Tuesday, January 27, 2015

BOO-YAH!



It’s estimated that identity theft costs society billions of dollars a year.  But I believe an even bigger problem is when we steal our own identities.  When we pretend to be someone we’re not, we lose the energy and focus to pursue our own passions and dreams.  We become so busy trying to fit in or please other people that we lose sight of what really matters to us.  This week’s story is about living a truly authentic life…

Stu was born on Chicago’s South Side.  When he was seven, his family moved to Winston-Salem, North Carolina.  It was a jarring change in culture.

Stu got a hard time from some of the other black kids at his school, who accused him of “talking white.”  In truth, he just spoke with the Midwestern accent of his Chicago home.  Even so, the experience showed Stu how quickly people could focus on anything that looked or sounded different and didn’t fit their idea of what was okay.

Stu attended college at the University of North Carolina, where he played football, joined a fraternity, and worked at the student radio station.  He graduated with a degree in speech communications, and was hired soon after by a South Carolina TV station as a news reporter and weekend sports anchor.

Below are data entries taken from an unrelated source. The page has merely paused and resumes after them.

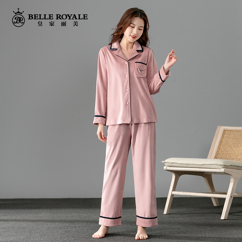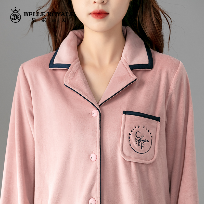睡衣女秋冬季保暖海岛绒女士睡衣套装简约薄款海岛绒可外穿家居服JJT9638
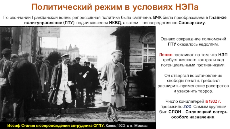 По окончании Гражданской войны репрессивная политика была смягчена. ВЧК была преобразована в Главное политуправление (ГПУ), подчинявшееся НКВД, а затем – непосредственно Совнаркому.
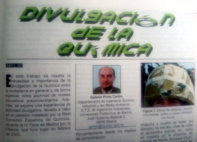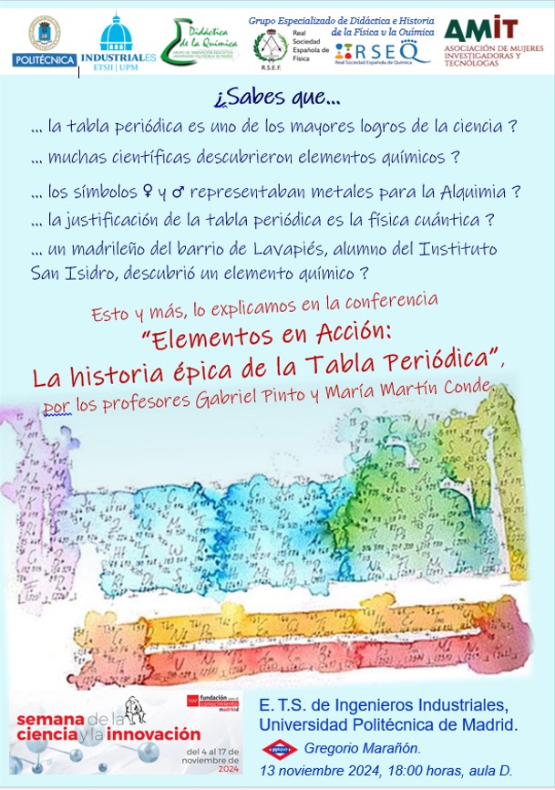 «La historia épica de la tabla periódica», en la E.T.S. de Ingenieros Industriales de la Universidad Politécnica de Madrid. Paseo de ciencia y cultura por Madrid (delante del Ministerio de Agricultura, en Atocha), en el que reivindica a cuatro Españoles que descubrieron tres elementos químicos, Wolframio, Vanadio y Platino. Llevando la cultura de la química a las calles y en las aulas.
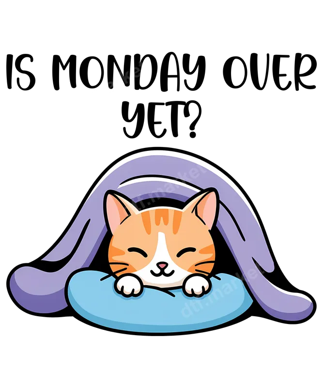 See allThis charming DTF transfer features an irresistibly cute orange tabby cat snuggled comfortably under a purple blanket, resting its head on a light blue pillow. Above this cozy scene, the playful question "IS MONDAY OVER YET?" is displayed in a friendly, handwritten-style font. This ready to press design perfectly captures that universal feeling of Monday morning dread, combining adorable pet imagery with relatable humor. It's an instant mood-lifter for anyone wishing the weekend lasted longer. This funny heat transfer is ideal for cat enthusiasts, weary workers, or students who appreciate Monday humor. It makes a fantastic gift for friends, family, or coworkers. Perfect for casual wear, office humor days, or expressing your true feelings from home. Apply this delightful iron on transfer to your favorite loungewear to make tough Mondays a little more bearable. Applying this custom transfer is incredibly simple. Our DTF transfers work beautifully on cotton, polyester, and blends. For best results, use a heat press at 300-325°F for 15 seconds with medium pressure, then peel cold. You can also achieve great results with a household iron. Best of all? No weeding required, saving you time and effort. Experience superior quality with this professional-grade direct to film transfer. Each design boasts vibrant colors, exceptional detail, and a soft, smooth feel once applied. Our premium DTF film ensures crack-resistant durability and long-lasting wear, even after multiple washes. This apparel transfer is made with strong adhesive, bonding securely to your garment for a high-quality finish.
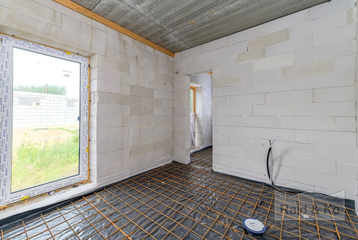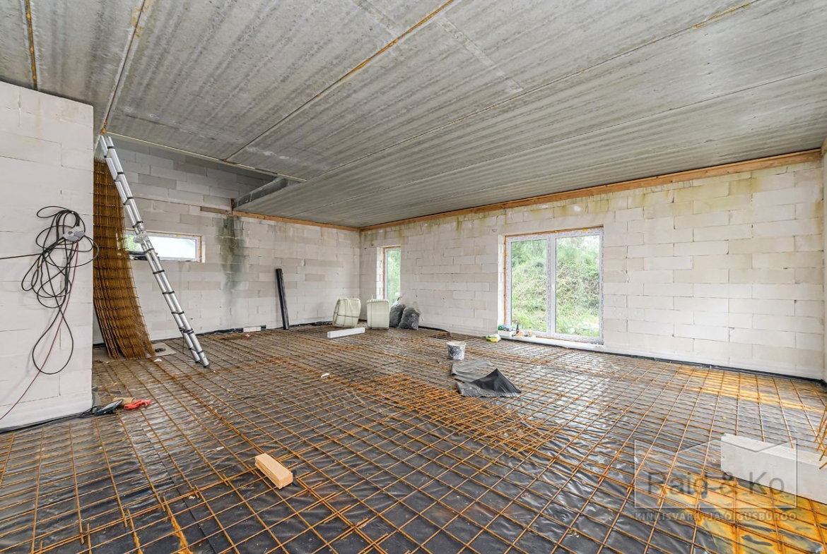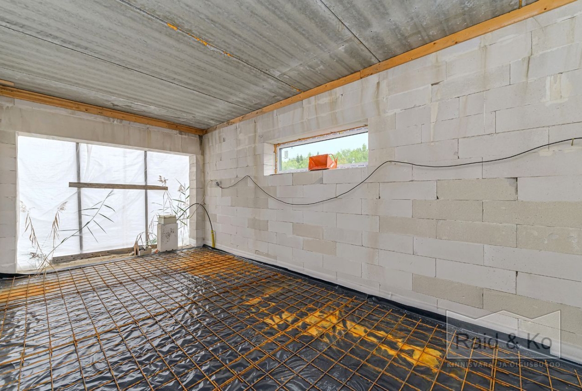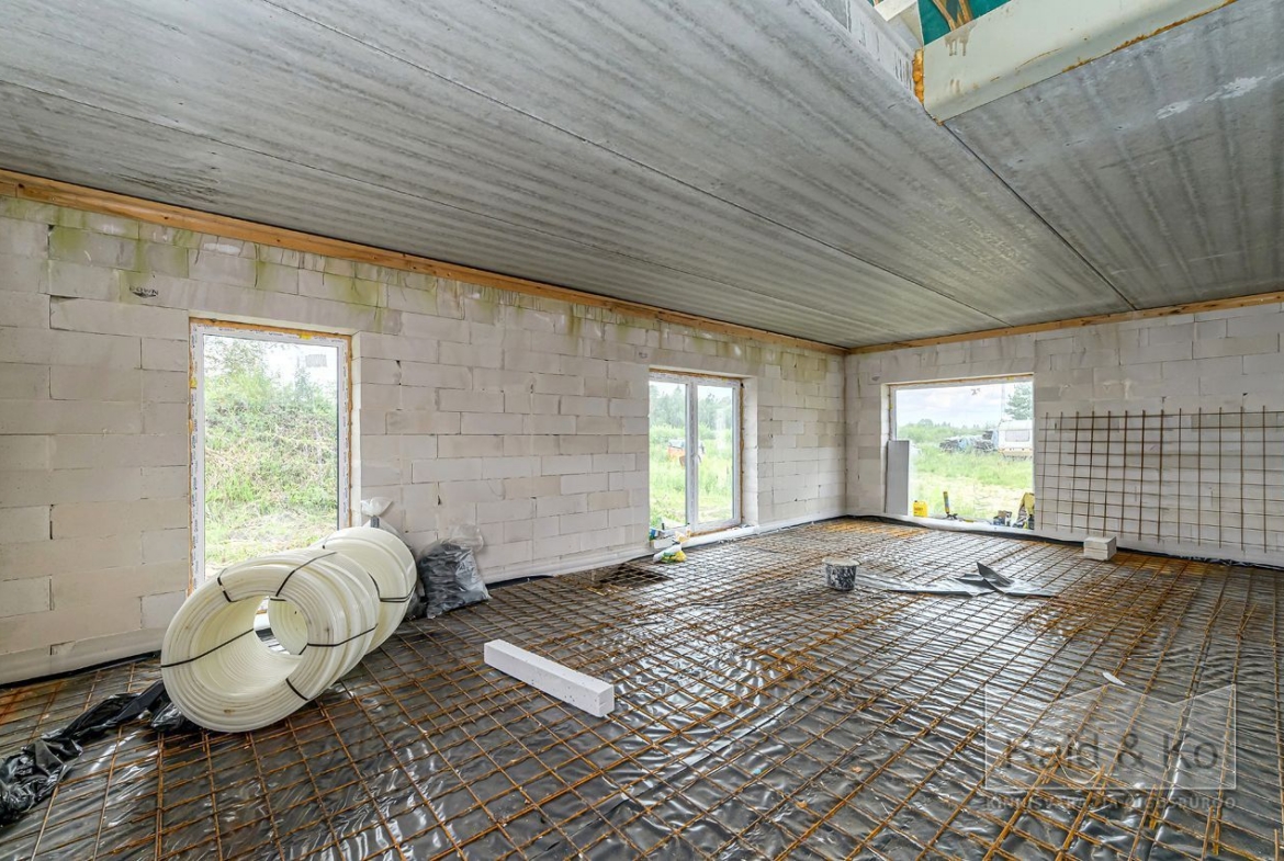 Ettevalmistused on tehtud vesipõrandakütte torustiku paigaldamiseks – paigaldatud armatuurvõrk ja 200 mm penoplast soojustuseks.
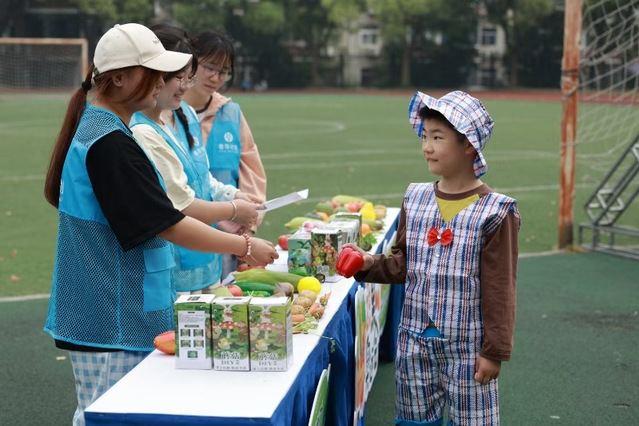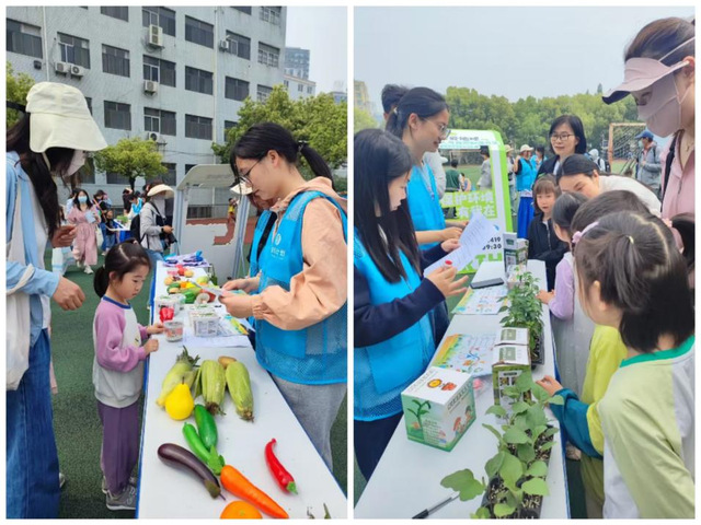 親子互動的“蔬果奧運會” 熱鬧非凡,南瓜保齡球、玉米接力賽等項目,讓家長與孩子攜手在歡樂中競技,獲勝者可兌換環保小禮物,既增進了親子關系,又激發了大家參與環保的熱情。“舊物大變身” 區域,學生黨員帶領大家將舊衣服改造成帆布袋、編織地墊,讓廢舊物品煥發新生,生動詮釋了循環利用的環保理念。

It was there, at his first job on television, that Stu coined the phrase, “cooler than the other side of the pillow,” describing a great sports play made under pressure.  It was just the beginning.  Over the next few years, Stu’s charisma, energy, and natural rhythm on camera continually turned heads as he moved from one small station to a slightly larger one.  It didn’t even matter what he was covering; at one point, he did a piece on a rodeo, and delivered it like it was game seven of the NBA finals.  At each stop on his career path, it was obvious to his co-workers that he was on his way to the top.

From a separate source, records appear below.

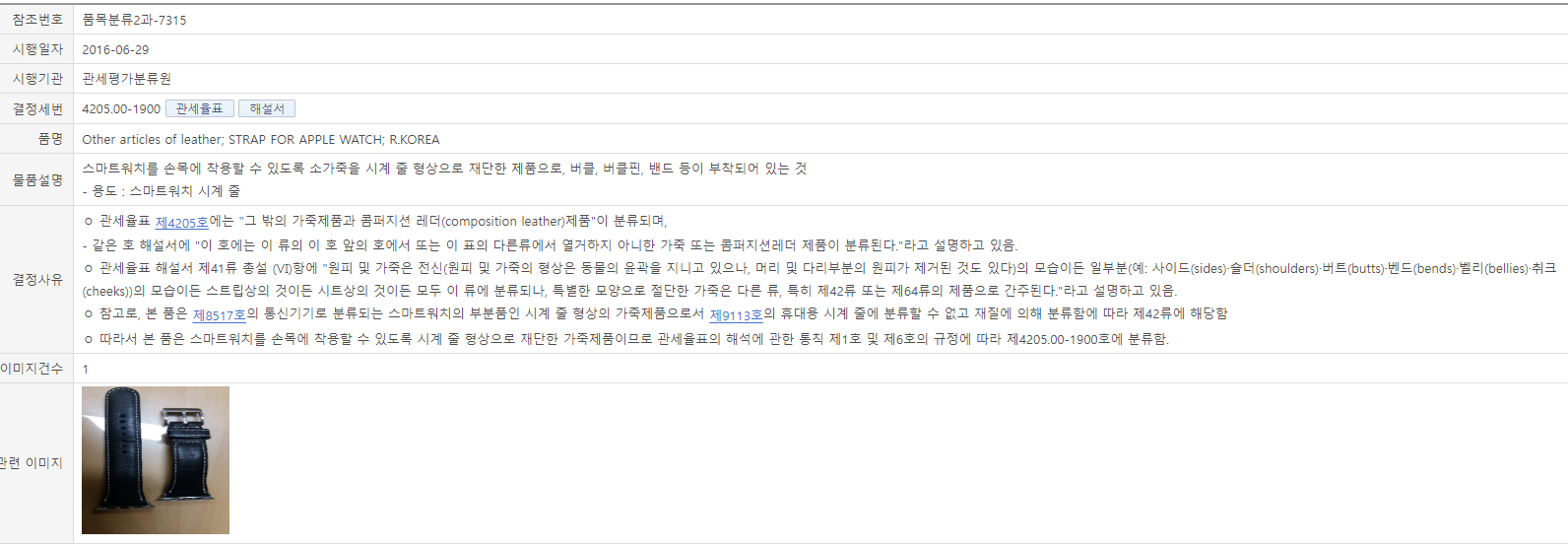 시계줄을 가죽이나 콤퍼지션 레더로 만든 휴대용 시계줄(9113.90-2000)과 그 밖의 가죽제품(4205.00-1900)로 분류하였습니다.
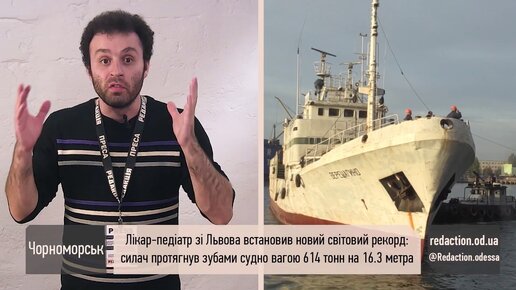 Світовий рекорд: лікар-педіатр зі Львова протягнув зубами в Чорноморську судно вагою 614 тонн
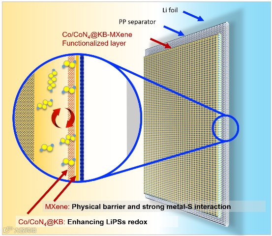 硫物种在Co/CoN4@KB-MX隔膜上的行为示意图

At the time, American sports fans who wanted the latest scores, news and gossip got them on ESPN’s SportsCenter program.  The show's format was simple:  two anchors, almost always conservatively-dressed white guys in their thirties, sat behind a desk and reported the latest sports news in the dry style that broadcast newsmen had used for decades.  They had their own personalities, but what they all had in common was a sense of detachment, as if to say, “Everyone relax, it’s just sports.”

Until Stu arrived, that is.  He was 28 years old when he made his debut on ESPN as one of the network's few African American personalities who hadn't been a professional athlete, but what was really different about Stu was his energy.  When he narrated highlights, his voice rose.  He got excited.  He reacted to a slam dunk or touchdown with an emphatic "boo-yah!"  He used words and phrases that weren’t heard on television, and, just by being himself, began to change the way people talked about sports.

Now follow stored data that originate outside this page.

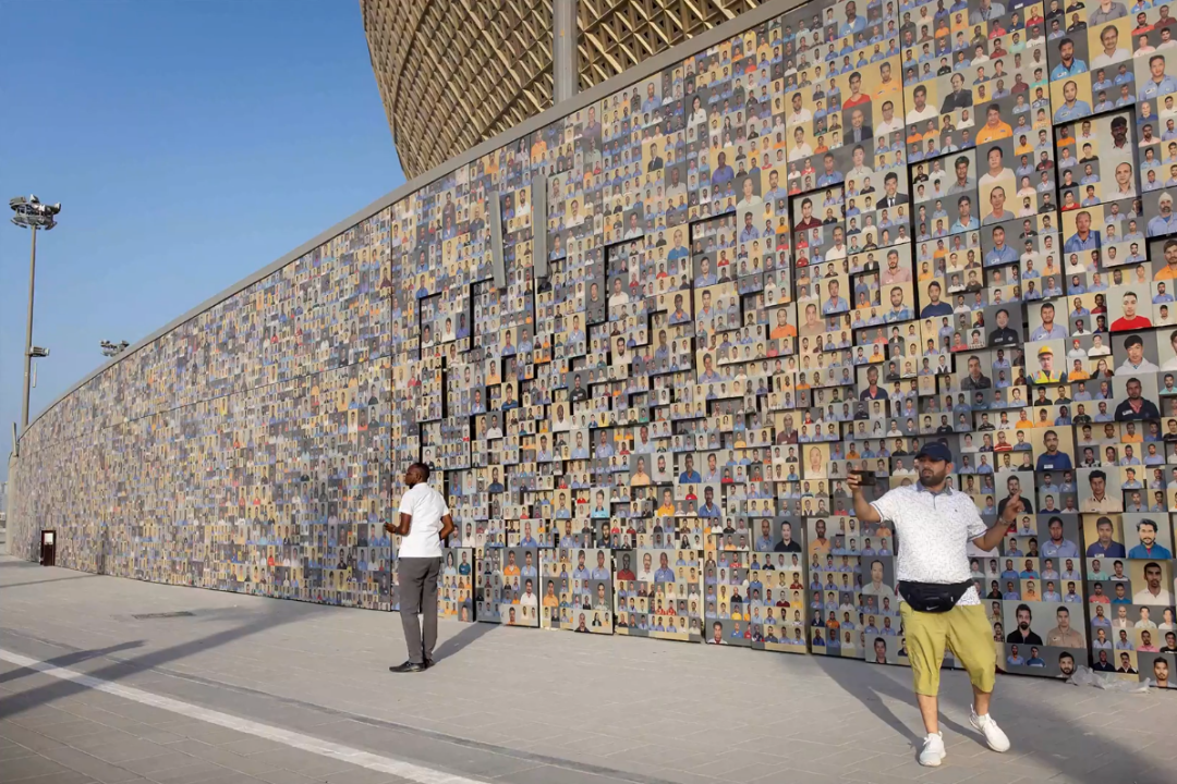超6750人死亡!卡塔尔世界杯光鲜的背后,是工人们的血和泪 | 卡塔尔世界杯工人纪念塔
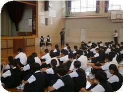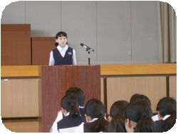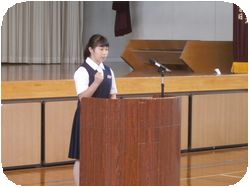 明日行われる英語スピーチコンテストに出場する、2年の石川さんと3年の辻本さんの英語スピーチが全校生徒の前で行われました。最後に校長先生からの講評も英語で行われて、英語ずくめの1日のスタートです。
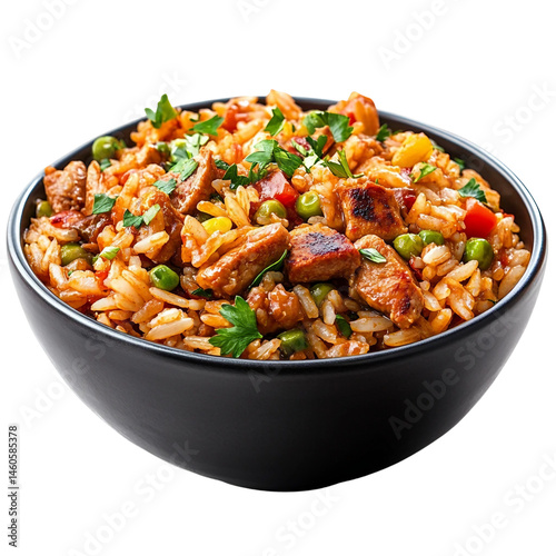 Jambalaya rice food on bowl, isolated [Transparent Background PNG].

Stuart “Stu” Scott was a guy from the rap generation who used the kind of banter and catch-phrases on the air that friends used while watching games.  He’d go from channeling a Baptist preacher to quoting Public Enemy.  His demeanor and quick wit made him a star at a network whose stars were usually athletes, and as hip-hop became part of the pop-culture mainstream, he became known as the man who put the hip-hop in sportscasting.

As Stuart's star rose, so did the resistance to his presence by people who resented his color, his style, and his generation.  But despite criticism and pushback from older sports fans and personalities, Stuart Scott didn’t stop being Stuart Scott.  He was authentically himself from the time he first went on the air to his final broadcast.  In being himself, he was representing the community of people that talked how he talked and saw what he saw.  And the fans loved him for it.

Stuart Scott died of cancer on January 4th, 2015.  The previous year, while in the midst of undergoing treatments that should’ve confined him to bed, Stuart accepted the Jimmy V award for his battle against the illness.  In his energizing acceptance speech he said, “When you die, it does not mean you lose to cancer. You beat cancer by how you live, why you live and in the manner in which you live." 

Stuart will be missed but we can all learn from his life and his words.  Discover who you are, and be the best version of yourself you possibly can.